# Planning Mercedes Sprinter y.2000+ conversion



## skooler (Mar 26, 2011)

Hi Sprinter,

Why 2 different models/designs?

Do you need 2 separate vans for different purposes?

That weight looks on the heavy side. Maybe 3500kg gross laiden weight. Probably closer to 1500kg empty.

Have you got a set budget or a bottomless pit of cash ready to throw at this!?

It's definitely possible. I think you are looking at about 25000 euros for the longer range.

With the power range stated, the size and weight of the vehicle and your preferred locations to source components. I'd consider the following components.

Kostov 11 alpha motor

Soliton 1 controller

I'm going to take a stab in the dark and say 400-450wh/ mile.
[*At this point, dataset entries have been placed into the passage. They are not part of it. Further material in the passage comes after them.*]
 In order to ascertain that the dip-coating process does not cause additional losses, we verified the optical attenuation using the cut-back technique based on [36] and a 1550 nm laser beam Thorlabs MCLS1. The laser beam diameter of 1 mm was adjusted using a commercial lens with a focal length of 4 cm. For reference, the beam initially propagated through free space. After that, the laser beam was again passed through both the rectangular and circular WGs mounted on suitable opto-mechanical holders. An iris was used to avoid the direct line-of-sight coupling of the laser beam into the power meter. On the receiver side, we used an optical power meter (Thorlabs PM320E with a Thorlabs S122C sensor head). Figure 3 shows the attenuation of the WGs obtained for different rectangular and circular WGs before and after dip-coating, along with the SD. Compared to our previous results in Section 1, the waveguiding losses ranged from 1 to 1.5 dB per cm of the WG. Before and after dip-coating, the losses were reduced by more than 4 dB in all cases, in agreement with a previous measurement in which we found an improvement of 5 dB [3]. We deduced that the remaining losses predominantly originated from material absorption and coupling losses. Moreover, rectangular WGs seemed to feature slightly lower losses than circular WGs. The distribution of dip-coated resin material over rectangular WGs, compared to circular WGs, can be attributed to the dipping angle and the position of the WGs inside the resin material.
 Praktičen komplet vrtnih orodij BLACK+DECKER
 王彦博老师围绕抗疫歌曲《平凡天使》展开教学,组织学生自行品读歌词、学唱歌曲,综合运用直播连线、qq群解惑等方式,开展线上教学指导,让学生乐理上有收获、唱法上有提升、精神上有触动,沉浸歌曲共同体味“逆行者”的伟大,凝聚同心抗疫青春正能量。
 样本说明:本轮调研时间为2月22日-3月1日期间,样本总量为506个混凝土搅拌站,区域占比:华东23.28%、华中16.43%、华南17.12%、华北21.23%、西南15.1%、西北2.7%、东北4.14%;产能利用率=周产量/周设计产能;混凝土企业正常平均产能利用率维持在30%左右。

Meaning for 100 km range (62 miles) will need roughly a 35 kwh battery pack ( 10000euro plus)

Hope this helps!

Cheers,

Mike


----------



## Sprinter (Apr 23, 2012)

> Why 2 different models/designs?
> 
> Do you need 2 separate vans for different purposes?


-Yes, 2 different vans.




> That weight looks on the heavy side. Maybe 3500kg gross laiden weight. Probably closer to 1500kg empty.


- GLW of 3500kg in the Interurban model will always be reached. It is a passenger van, so I want to build the vans with "reserve". It should be 100% reliable, service disruptions won't be tolerated, as I will be the first who inserts EV in the public transportation. I can do calculations, so if you could help me with the formula's (last time I did physics was in high school).
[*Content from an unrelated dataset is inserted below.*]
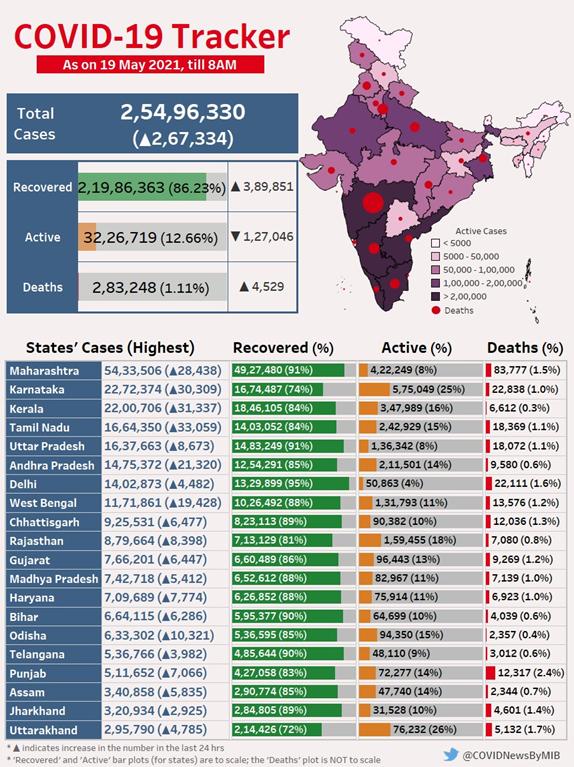 - Less than 3 Lakh daily New Cases for three successive days

> Have you got a set budget or a bottomless pit of cash ready to throw at this!?


-Well, I thought of hiring some polytechnic professors, to design the controller, dc-dc converter, charger... in such a case I'll do some cost cutting to the non-battery related components, motor not Included. Overall 20k euro's budget per van.




> I'm going to take a stab in the dark and say 400-450wh/ mile.


-Same idea here, does regen help a lot (AC system)? The roads are 50/50% hills.



One last question, seen the budget, what are the most reliable battery distributors or manufacturers?


P.S. Thanks for help Mike!


----------



## drgrieve (Apr 14, 2011)

My advice would be to tackle one project at a time.

The urban conversion should be easy to do and the lessons learnt from that project would help on the harder conversion of the InterUrban build.

Usually to determine wh/mile or wh/km we base it on a similar vehicle - but not many bus conversion projects on this site!

So you may have to do the calculations your self. Have a look at determining energy usage doing a roll down test (or also called a coast down test).

Basically get the bus up to speed on a flat road (110 kmph) and time how long to takes to get to 0 kmph in 10 kmph intervals. Then repeat in the other direction. From these timings you can work how much energy is lost to aerodynamics and rolling resistance.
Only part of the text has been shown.